За отсутствием улик, Клитчоглу теперь находится на свободе. Секретному же сотруднику, через которого получаются столь важные сведения, благодаря неразумной и невызываемой делом поспешности полковника Кременецкого, грозит провал, в доказательство чего прилагаю при сем копию письма к нему известного члена центрального комитета партии соц.-рев. Михаила Гоца.

Сообщая о вышеизложенном убедительно прошу вас, Алексей Александрович, пресечь невыгодные общему делу интриги отдельных чинов департамента полиции и охранного отделения, подводящих заслуживающий всяческого внимания источник под неминуемый провал.

Искренно преданный вам Л. Ратаев.»

Лопухин органически не переносил расхлябанности. Он точно сказал Ратаеву, чтобы Азеф был без четверти девять. «Говорить с провокатором, конечно, отвратительно», недовольно морщась, думал Лопухин. «Еще чего доброго с рукой полезет? Нннет, голубчик, ты необходим, но на почтительной дистанции».

В девять, Азеф грузно и тяжело вошел в кабинет за Лопухиным. Было видно, он взволнован. Лопухин принял это за выражение смущенья.

– Садитесь пожалуйста, – сказал Лопухин, указывая на кресло против письменного стола. Азеф сел. Свет окон осветил его. Лопухин остался в полутени.

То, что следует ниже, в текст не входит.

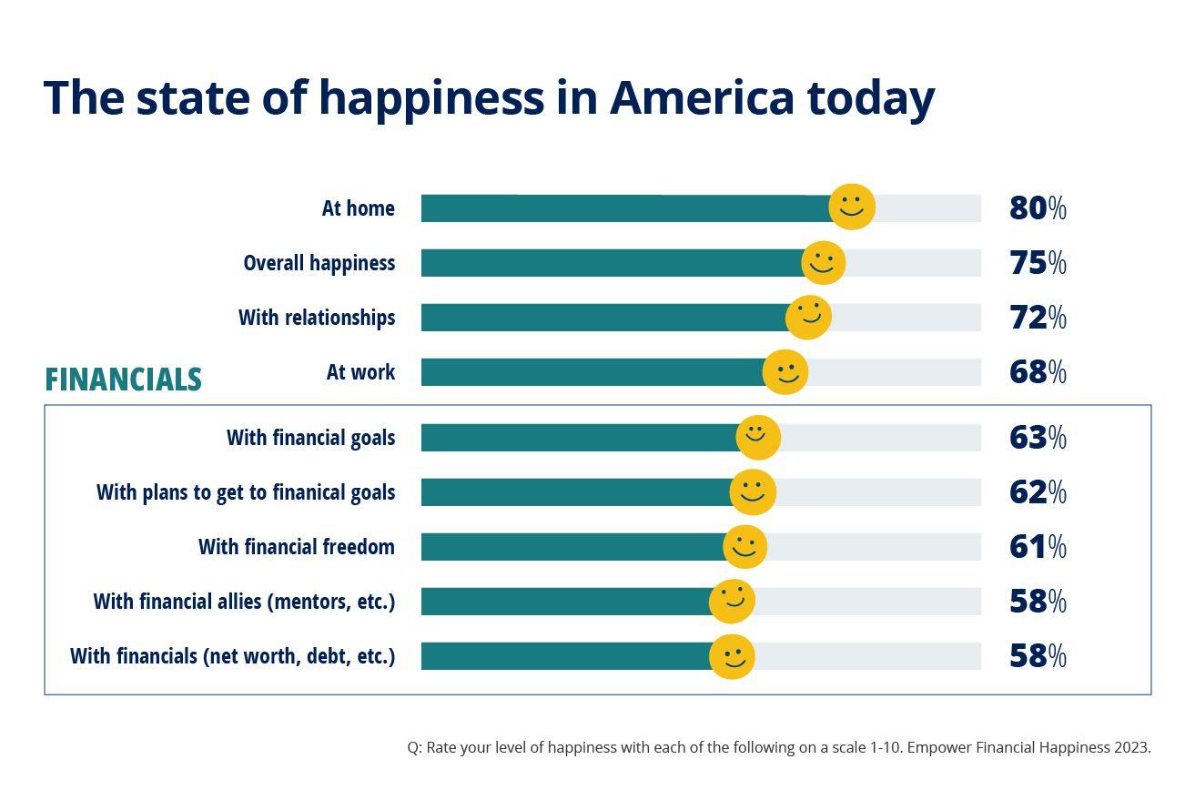 - Financial happiness is about health as much as wealth: Americans agree that a boost in financial happiness would make people healthier (79%) in all aspects of life, including generate more productivity/creativity at work (77%), help build generational wealth (84%), inspire people to pay it forward (78%), and help close the wealth gap (75%).
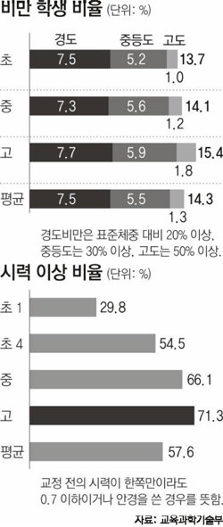 교육과학기술부가 전국 초중고교생 18만여 명을 조사해 26일 발표한 ‘2011년 학교건강검사 표본조사 결과’에 따르면 초중고교생 100명 중 14명이 비만으로 나타났다. 교과부는 2001년부터 매년 상반기에 초중고교생의 체격과 건강을 검사해 변화 추이를 발표하고 있다.
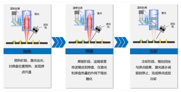 激光锡丝焊接:这是一个“动态”的增材过程。系统通过精密的送丝机构,将成卷的固态锡丝(通常为内置助焊剂芯的药芯锡丝)精确地送至待焊接点。几乎在同时,激光束照射在锡丝末端和焊盘表面,使其瞬间熔化并润湿铺展,形成焊点。整个过程犹如一位精准的机器人焊工,手持“激光烙铁”进行点焊。
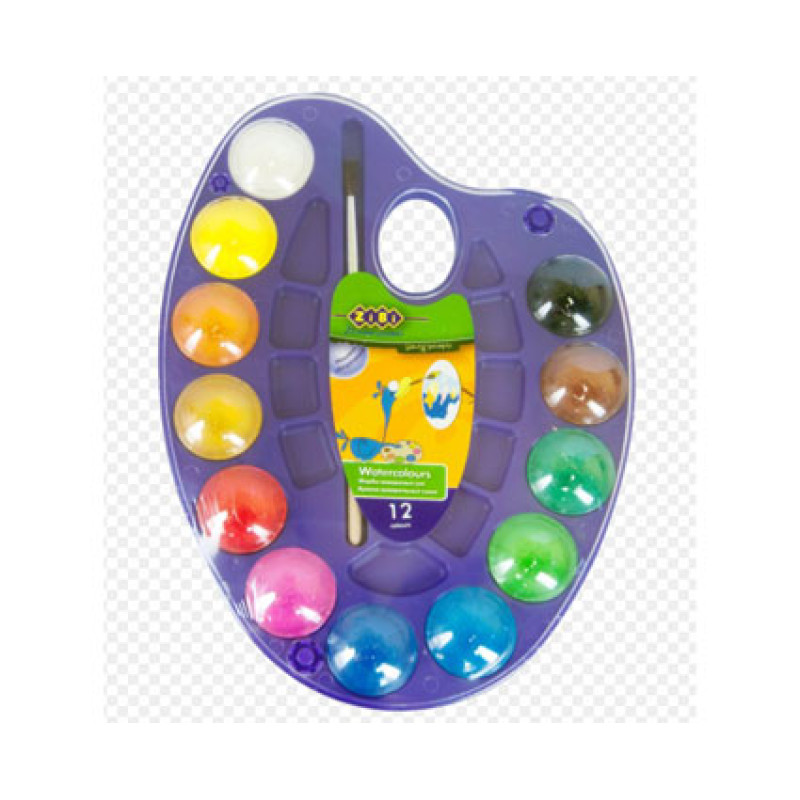 Акварельні фарби на палітрі, 12 кольорів, натуральний пензель, фіолетова, KIDS Line ZB.6558-07
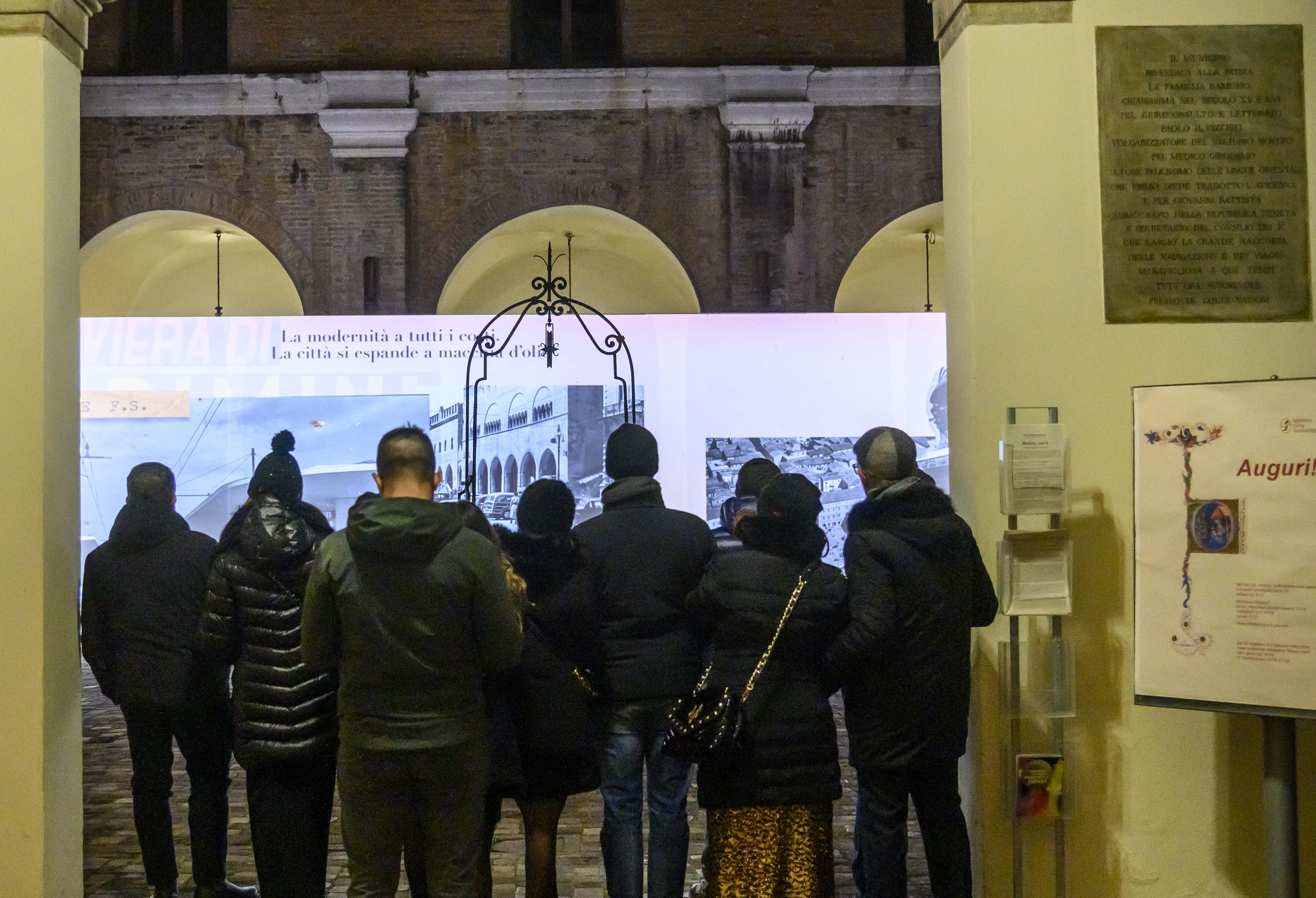 Ultimi giorni per la videoproiezione immersiva nella corte della Biblioteca Gambalunga che apre le sue porte con "Rimini, cos'è", una storia per immagini del cinema e della fotografia, della grafica dei manifesti e delle riviste, che racconta Rimini negli ultimi due secoli (fino al 6 gennaio, ore 16-19)
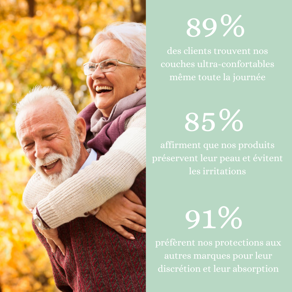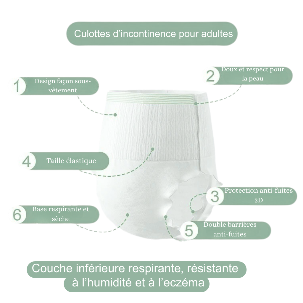 Conçues avec des matériaux de qualité, nos couches combinent confort, discrétion et performance. Chaque caractéristique a été pensée pour répondre aux besoins réels des adultes actifs et des personnes âgées.
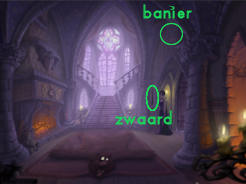 Probeer naar de banier te vliegen. Mona vliegt niet; ze vindt dat de banier niet stevig genoeg bevestigd is, maar ze onthoudt dat hij hier hangt. Nu heb je ook een blauwomrande banier (banner) in je inventaris.
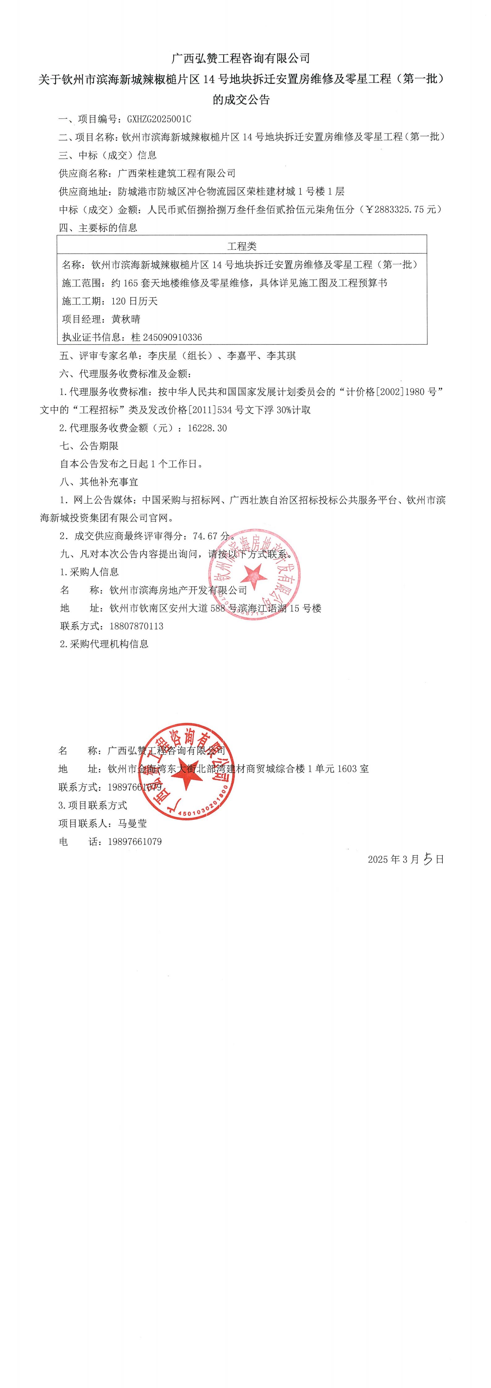 關于欽州市濱海新城辣椒槌片區(qū)14號地塊拆遷安置房維修及零星工程(第一批)的成交公告
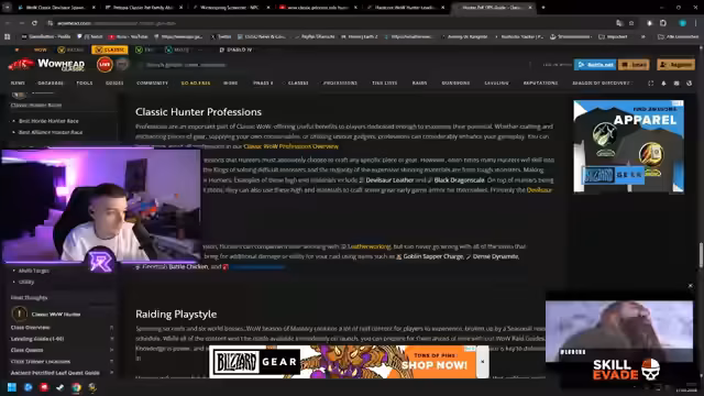 01:09:37Der Streamer befindet sich in der Endphase des Grindings. Seine Ausrüstung und Berufe sind fast fertig und er darf bald twinken. Da er nicht den ganzen Zeit mit Angeln verbringen will, deutet er an, in den nächsten Tagen in ein anderes Spiel zu wechseln. Die aktuelle Priorität ist das Abschlusscrafting des Teufelsaurier-Sets. Er plant, Crafting-Rezepte für Sigi bereitzustellen und benötigt noch letzte Ressourcen wie Mithril und robustes Sprengpulver, um die Gegenstände fertigzustellen.
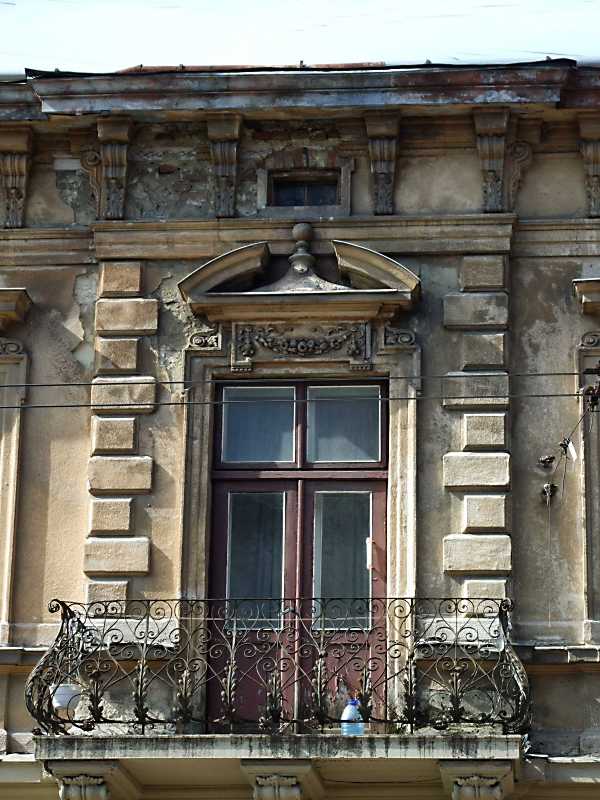 2013 р. Балкон 2-го поверху Розмір зображення: 600:800 піксел 16 квітня 2013 р. Фото М.І.Жарких. Вкладені елементи Фронтон над дверима балкону
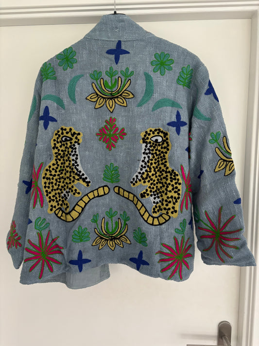 Jasje lichtblauw katoen luipaard
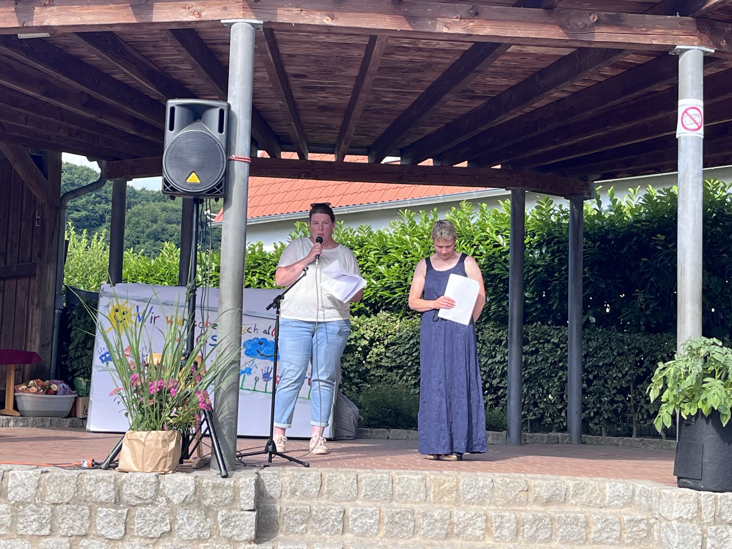 Anschließend folgten die Dankesworte der scheidenden Elternvertreterinnen Claudia Höckmann und Astrid Meyer. Auch sie betonten die Besonderheit eines so großen Jahrgangs und wiesen darauf hin, dass die letzte Zweizügigkeit eines Wehrendorfer Jahrgangs vermutlich etwa um 1984 herum gewesen sein dürfte. Dann folgten viele warme Worte für die gute Atmosphäre an der Schule und das Engagement der Lehrerschaft. Dies sei während der gesamten Schulzeit der Fall gewesen, die für ihre Kinder im August 2021 unter der damaligen Schulleiterin Carola Aubke begonnen hatte, ab September 2021 unter dem Kommissarischen Schulleiter Daniel Adler fortgeführt worden war und ab Februar 2025 unter dem neuen Schulleiter Stefan Hammerlage ihren Abschluss fand. Ein großer Höhepunkt dieser Zeit sei natürlich das Dorfjubiläum „950 Jahre Wehrendorf“ gewesen, an der die Schule sich mit den Kindern umfangreich und vielfältig beteiligt habe. Dies sei sehr schön gewesen.
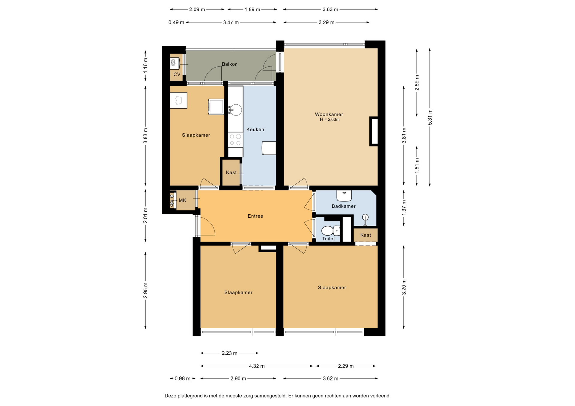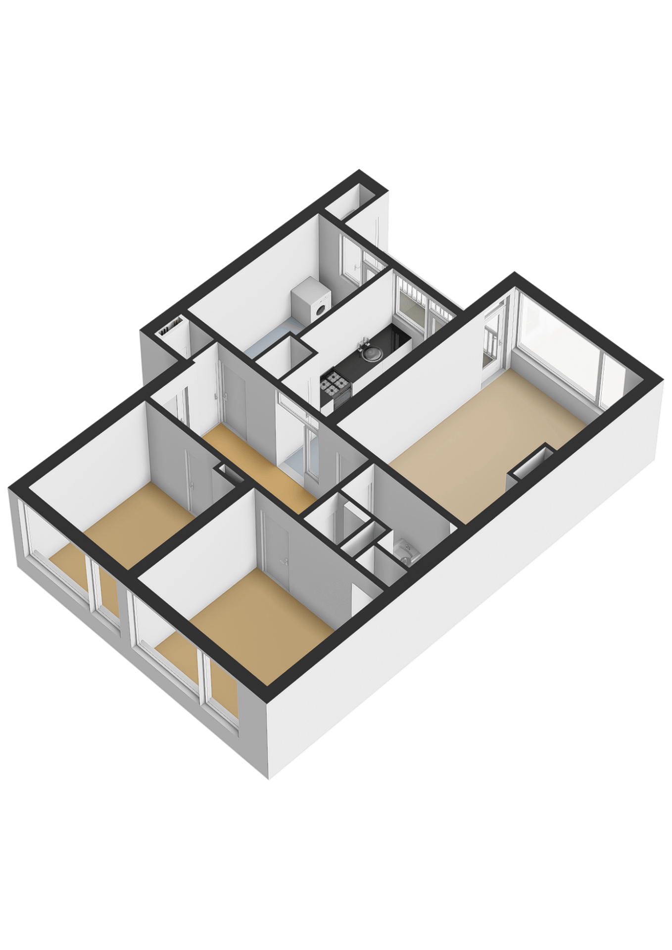 Het appartement heeft een lichte woonkamer, drie ruime slaapkamers en een net afgewerkte keuken met ingebouwd gasfornuis, oven en afzuigkap. Vanuit de keuken stap je het zonnige balkon op het westen op, waar je kunt genieten van de middag- en avondzon. De badkamer is voorzien van een douche en wastafel en in het souterrain bevindt zich een handige berging.
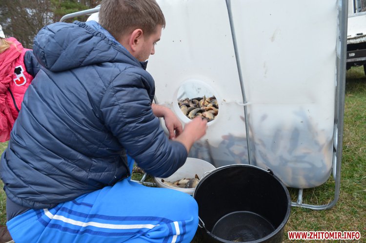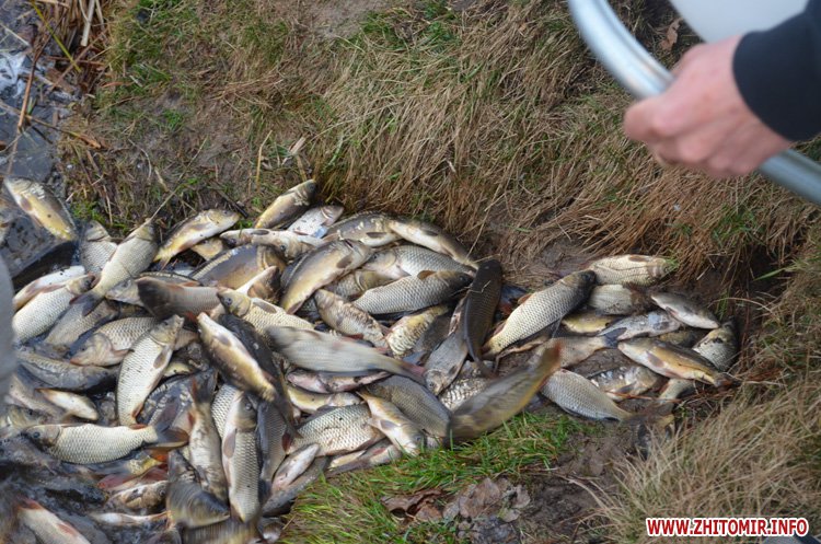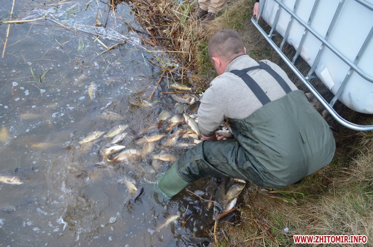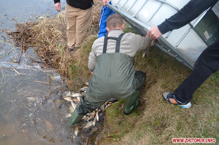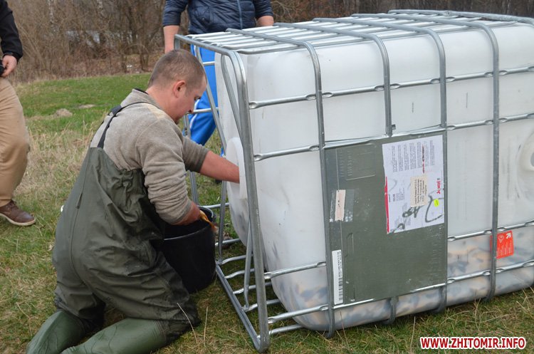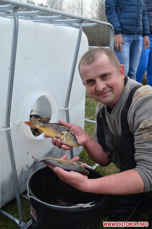«Два тижні тому ми, громадська організація «Житомирський карповий клуб», порушили питання, щоб зарибнити річку, та почали акцію зі збору коштів. До неї долучилися 38 людей. Загалом зібрали 10 тис. 150 грн. На ці кошти ми купили 250 кг риби – від 100 до 500 грамів. Ми випустили коропів у річку Тетерів – у Тригір’ї, за селом, де великий залив», – уточнив Тарас Коцур.

«Как отвратителен», – думал Лопухин глядя на Азефа. Азеф был бледен утренней бледностью. Лицо смято. поэтому губы казались особенно красными и мясистыми.

– Вы инженер Евно Азеф?

– Да, – оказал Азеф, и поморщился, ему было неприятно, что Лопухин назвал его по фамилии, и тот легчайший оттенок антисемитизма, который показался ему в слове «Евно».

– Леонид Александрович мне передал, что вы имеете важные сведения, которые хотели сообщить непосредственно мне?

– Да, – сказал Азеф. Он не смотрел на Лопухина. Только сейчас скользнул. «Едва ли выйдет», – подумал Азеф. И положив руки на ручки кресла, сказал:

– Алексей Александрович, кажется так?

– Так, – сухо и несколько брезгливо ответил Лопухин.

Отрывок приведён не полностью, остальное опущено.